The college will save a sizeable amount by moving away from Starfish. Moore-Davis said with Starfish the school spent at least $73,000 annually. “We already own the TeamDynamix system, so it just costs us to expand its use for intervention purposes,” she explained, estimating that the new system will cost around $2,500 per year.

In addition to the software switch, the college is again overhauling the way faculty, advisors and students interact with early alerts. For starters, instructors no longer have to record attendance daily.

Also under the new ticketing system, faculty must document the ways they first tried to help students who showed signs of struggle. If the instructor's initial intervention is unsuccessful, he or she must report what effort was made before they are able to raise a flag to get additional help.

Then, when a flag is raised for a student, the faculty member must notify the student. In both previous efforts, Moore-Davis said students were unaware they were flagged until they received a call from their advisor. After creating a student focus group to get feedback on the process, she discovered that students had felt they were being unknowingly tracked and reported.

Now, flags are sent directly to a specific intervention team, such as financial aid, pathways coaches, tutoring or counseling, rather than an advisor who would then refer them out or may be unable to help with academic challenges. “When a student has an academic issue, they go to our learning commons intervention team,” explained Moore-Davis. “The same thing happens if the faculty thinks they need counseling—they get referred to counseling intervention team.”

Both Moore-Davis and Rowland acknowledge that the new system could run into its own unique challenges. But rather than ditching the idea entirely after two failed early-alert system attempts, they still cling to the idea. “I believe in the principles of early-alert, and I know there is a better way to get to where we want to go,” said Moore-Davis.

It remains to be seen if the latest iteration will prove more successful for Tallahassee Community College. And to complicate matters further, the school is using TeamDynamix as a temporary solution.
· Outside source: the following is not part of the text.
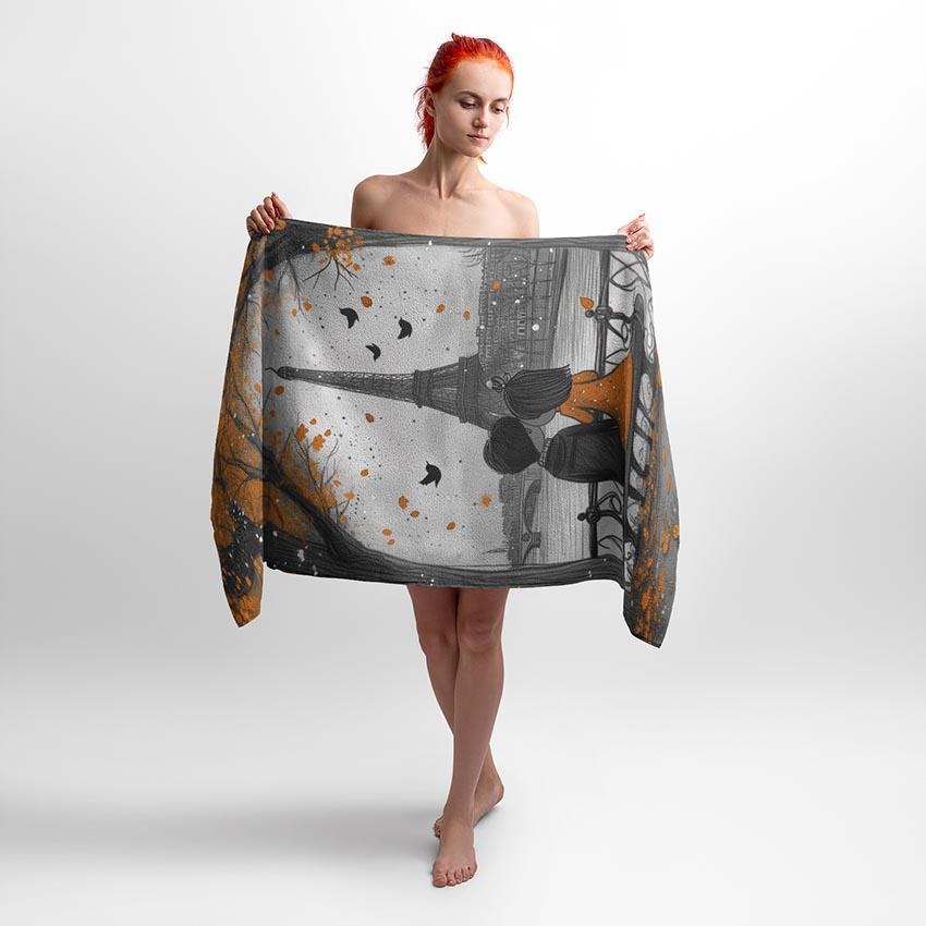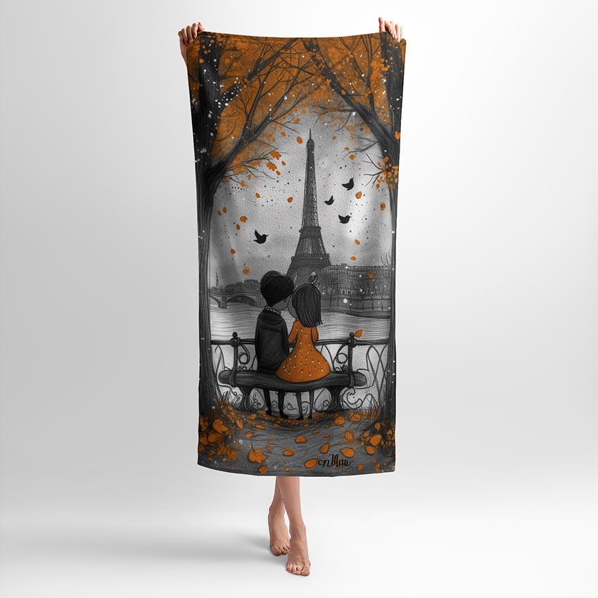 Принт з парою, що сидить на лавці біля Ейфелевої вежі, створює атмосферу романтики. Чорно-помаранчева палітра додає контрасту та тепла. Ідеально підійде для закоханих, мрійників чи всіх, хто обожнює Париж і його романтичну ауру. Цей рушник стане чудовим подарунком або стильним доповненням до вашого дому.

The college is in the midst of transferring to Workday for its student records, and the officials don’t yet know if the system they are creating now will integrate when Workday officially launches in 2019.

In the meantime, the school continues to design around its past mistakes. “No faculty would disagree with the outcome you’re trying to get to. It’s disagreements about the process of getting there,” Moore-Davis said. “Understand the culture before you start making changes to it.”